[[ Exercise inputs open ]]

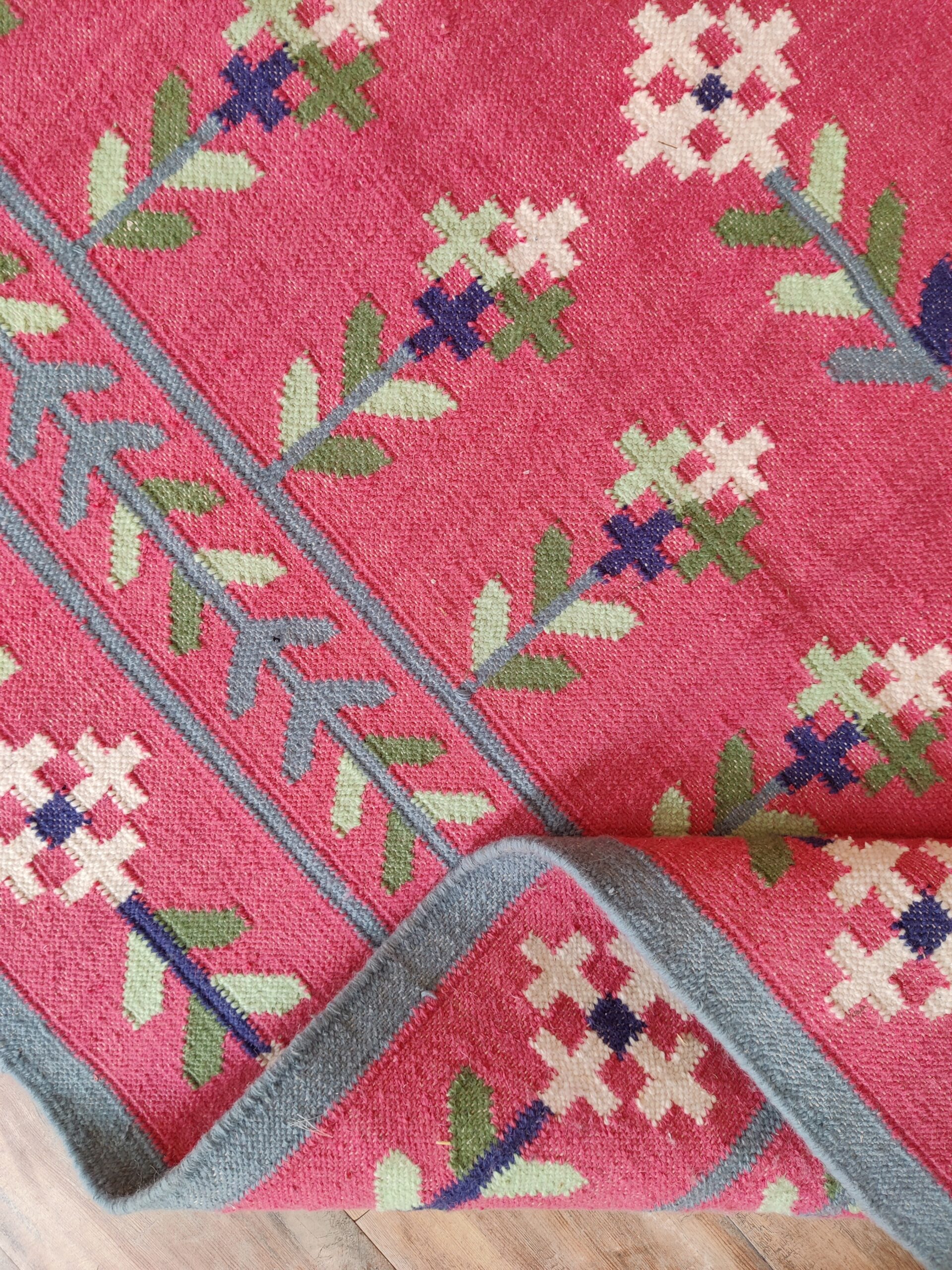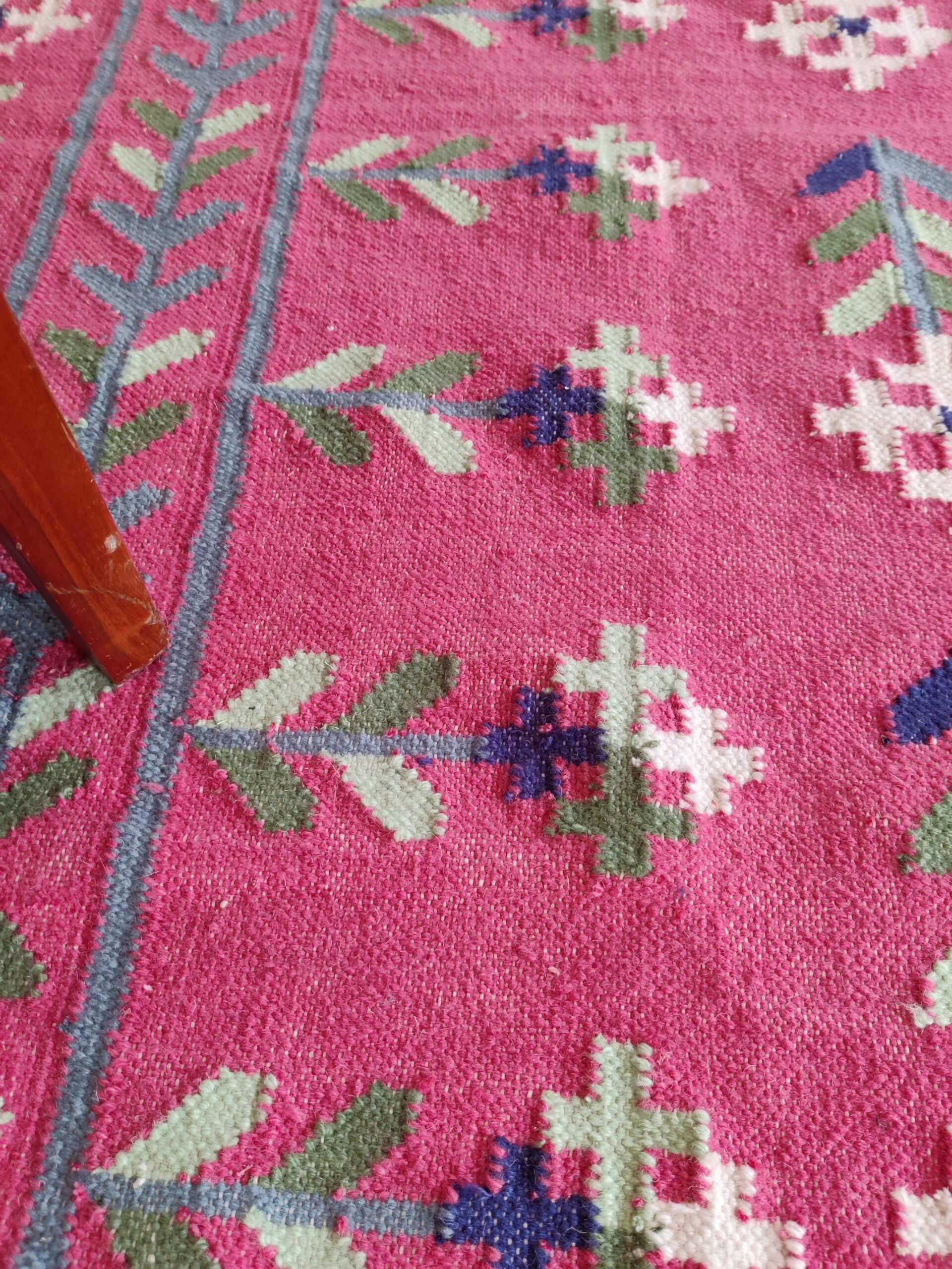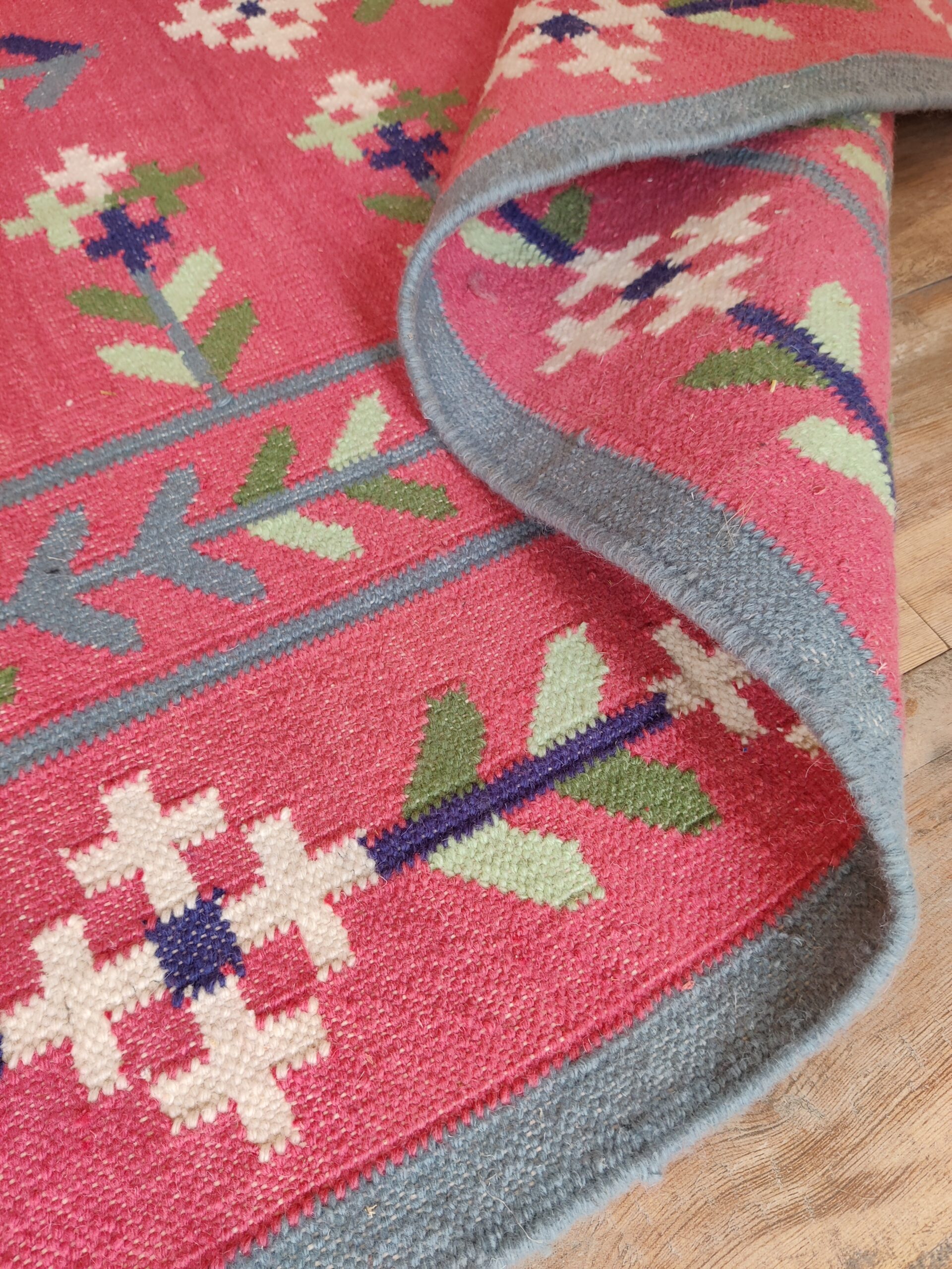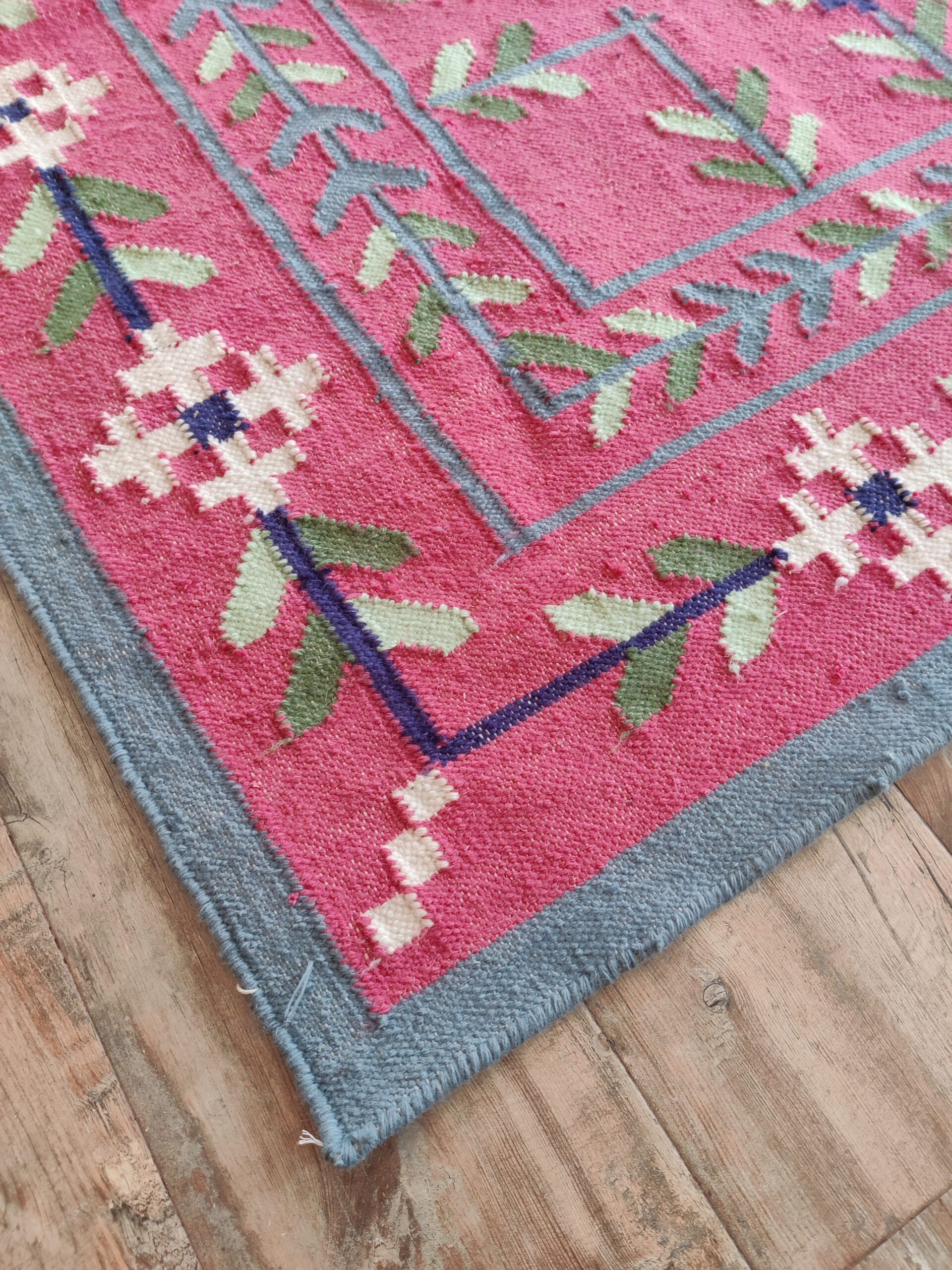 Pink And Green Floral Pattern Designer Rug, Cotton Wool Kilim Rug, Custom Size Rug
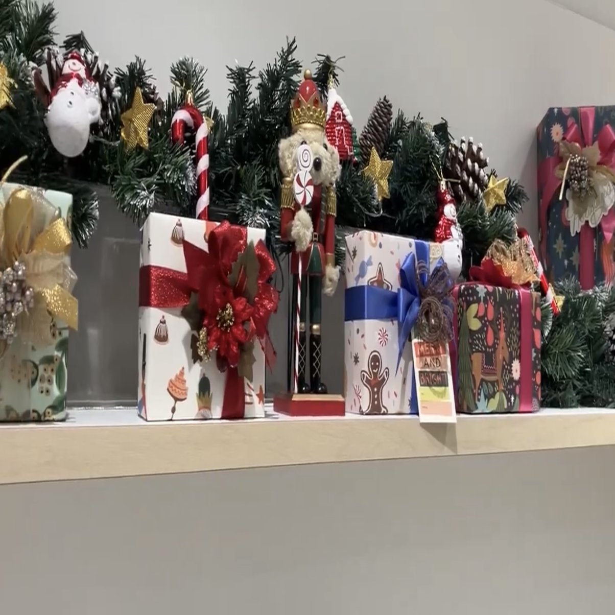 棚いっぱいにクリスマスラッピングが並んでいて、
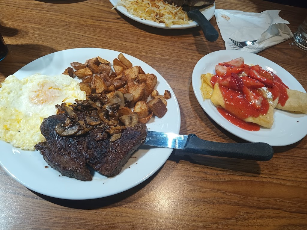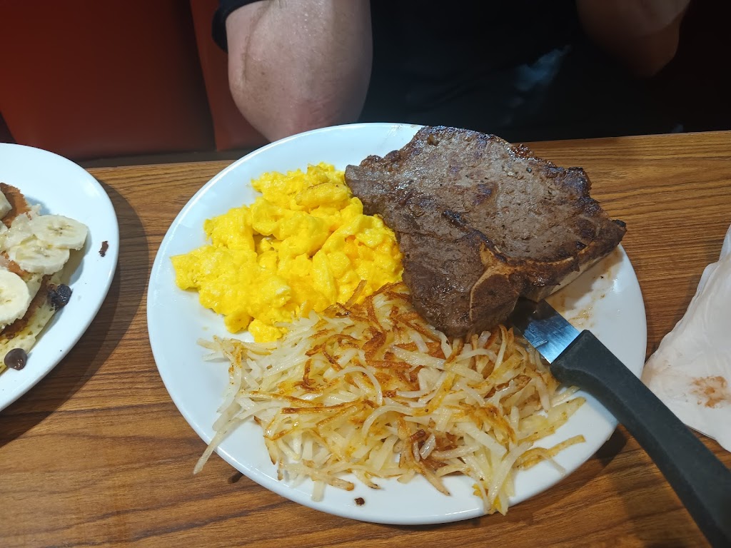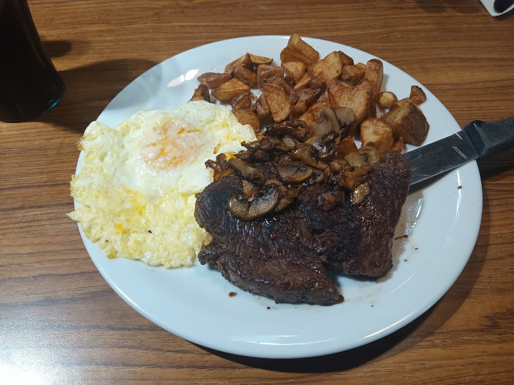 My server was wonderful. I had a breakfast sirloin meal and it was tender and delicious. The restaurant was clean. I travel a lot and like to leave reviews as notes to myself where to stay for the night as well as find good breakfast nearby. I'll be coming back for the sirloin!
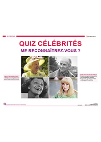 Maxime propose un diaporama quiz pour deviner quelles sont ces personnalités dissimulées derrière les déformations photos. Des photos d’acteurs, de chanteurs et de personnalités, suivies des réponses. Ce contenu d’animation fait appel à la mémoire et à la perspicacité, il permettra également aux résidents d’évoquer leurs souvenirs liés aux déférentes personnalités.
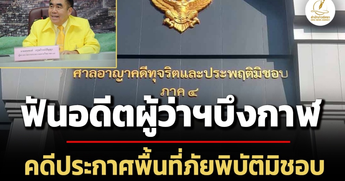ศาลอาญาคดีทุจริตฯภาค 4 พิพากษา อดีตผู้ว่าฯบึงกาฬมีความผิด คดีทุจริตสมคบนายอำเภอประกาศ 7 อำเภอเป็นพื้นที่ภัยพิบัติ ช่วงปี 54 เอื้อประโยชน์ทำสัญญาซื้อสารป้องกันเชื้อหา ทั้งที่เกษตร 7 อำเภอแย้งว่าเชื้อราในนาข้าวไม่รุนแรงถึงภัยพิบัติ

[[ Exercise inputs closed ]]

Assignment: Repeat the records above word for word, apart from the pictures.

Your response:
 Pink And Green Floral Pattern Designer Rug, Cotton Wool Kilim Rug, Custom Size Rug
 棚いっぱいにクリスマスラッピングが並んでいて、
 My server was wonderful. I had a breakfast sirloin meal and it was tender and delicious. The restaurant was clean. I travel a lot and like to leave reviews as notes to myself where to stay for the night as well as find good breakfast nearby. I'll be coming back for the sirloin!
 Maxime propose un diaporama quiz pour deviner quelles sont ces personnalités dissimulées derrière les déformations photos. Des photos d’acteurs, de chanteurs et de personnalités, suivies des réponses. Ce contenu d’animation fait appel à la mémoire et à la perspicacité, il permettra également aux résidents d’évoquer leurs souvenirs liés aux déférentes personnalités.
ศาลอาญาคดีทุจริตฯภาค 4 พิพากษา อดีตผู้ว่าฯบึงกาฬมีความผิด คดีทุจริตสมคบนายอำเภอประกาศ 7 อำเภอเป็นพื้นที่ภัยพิบัติ ช่วงปี 54 เอื้อประโยชน์ทำสัญญาซื้อสารป้องกันเชื้อหา ทั้งที่เกษตร 7 อำเภอแย้งว่าเชื้อราในนาข้าวไม่รุนแรงถึงภัยพิบัติ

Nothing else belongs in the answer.